Val McDermid returns to her roots as a journalist in her latest novel, 1979.

McDermid’s latest, 1979, therefore marks something of a return for an author who has since written (by my reckoning) 29 crime novels across four series as well as five stand-alone thrillers and umpteen short stories. Featuring a young journalist, Allie Burns, working for the Daily Clarion in Glasgow, 1979 is touted as the first in a new series that draws on McDermid’s own reported experience of racism, homophobia, sectarianism and misogyny that characterised the workplace back in the day. McDermid does not hold back.

Not surprisingly, Allie’s pretty frustrated with her lot. She’s from Kirkcaldy, she’s been to Cambridge and served an apprenticeship on a newspaper in the north-east of England. Nonetheless, she seems forever condemned to the “women’s stories” that need the “women’s touch”, rather than the hard news stories she craves.

So, when her colleague Danny Sullivan asks for help in putting together a big story that will lift the lid on financial corruption in the top end of town, she is only too eager to help out.

1979 unfolds in three acts: the first involves Allie and Danny working together on his story; for the second they team up on a story of Allie’s that involves Scottish independence and a potential terrorist threat, while the third joins the dots in the clever ways that McDermid’s readers have come to expect of a consummate plotter.

Paula Hawkins’ latest novel, A Slow Fire Burning, is extremely unsettling.

Along the way there are the delights of McDermid’s liberal use of the Scots dialect as championed by the great Robert Burns himself. Danny’s brother Joseph is “sleekit”, nicely glossed as “smooth, sly and as non-stick as a Teflon frying pan”. As always, McDermid is also attentive to what her characters get to eat, Allie’s speciality being stovies, a recipe McDermid herself has championed in her hilarious online cooking classes aptly entitled “Cooking the Books”.

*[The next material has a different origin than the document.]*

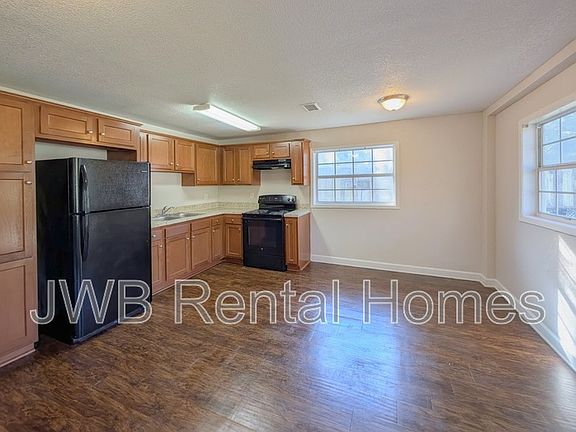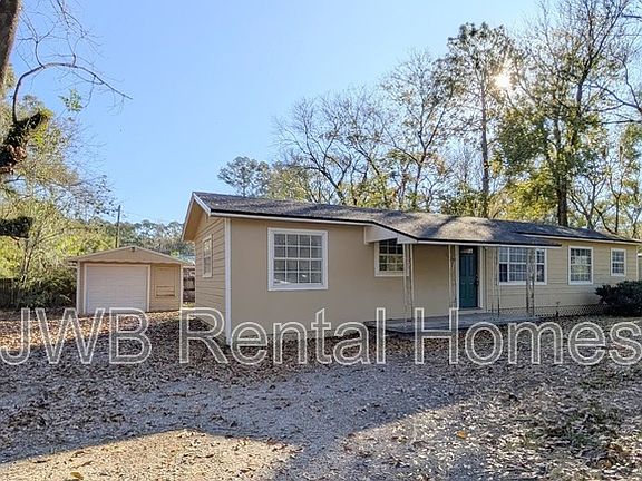 This 3Bd/2Bth Paxon home blends charm and practicality, featuring a detached garage plus a shed for added storage. Inside, wood-look vinyl and carpet flooring flow through an open layout, complemented by central A/C and W/D hookups. A spacious yard, porch, and patio create relaxed outdoor spaces. Near Paxon Shopping Center, Hammond Park, and I-10 access, it's a convenient base for daily life.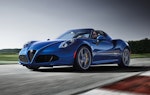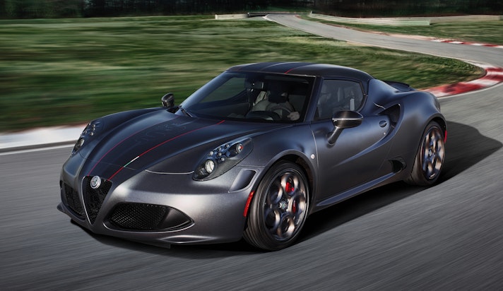 ALFA ROMEO 4C COUPÉ COMPETIZIONE E SPIDER ITALIAAnche per queste due edizioni limitate della Alfa Romeo 4C si parla di 108 esemplari ciascuna. La Coupé Competizione cattura gli sguardi con una livrea Grigio Vesuvio Opaco (le decal sono a discrezione del cliente) e diversi particolari in carbonio. All’interno, conquistano la scena sedili in pelle in microfibra con cuciture rosse e volante sportivo. La 4C Spider Italia si distingue invece per il Blu Misano della carrozzeria e le pinze freno gialle, che fanno pendant con le cuciture di sedili, plancia, volante e pannelli porta.

With its retrospective feminist rage, its Glaswegian setting and a relatable central character, 1979 has all the ingredients for yet another successful McDermid series.

There’s a nice moment in A Slow Fire Burning when one of the characters ponders the possibility of writing a crime novel entitled The Boy on The Boat. This could well have been the title of Hawkins’ latest book since the crime that precipitates events is the murder of a young man on a narrow boat moored on the Regent’s Canal in London. There’s a topographical map to help the reader work out the logistics of the scene.

The body is discovered by Miriam, who lives on a neighbouring boat and is acutely aware of how she is perceived as “a fat old spinster, tree-hugger, knit your own yoghurt curtain twitcher”.

But Miriam, like all the characters in this multi-layered book, is so much more. For a start, there’s Laura, the self-harming damaged young woman who works in the local laundrette and who was with the victim the night he died. And then there’s Irene, the elderly lady who Laura helps (and steals from) who effectively functions as the moral compass of a story that sets off in many different directions at once to end with an answer – but also many more questions.

Hawkins has spoken in the past about the authors and the books that have inspired her. They include Donna Tartt’s The Secret History, and the novels of Kate Atkinson with their “exceptionally crafted characters”.

A Slow Fire Burning reveals just how much Hawkins has learned from her mentors. It’s complicated, beautifully observed and extremely unsettling.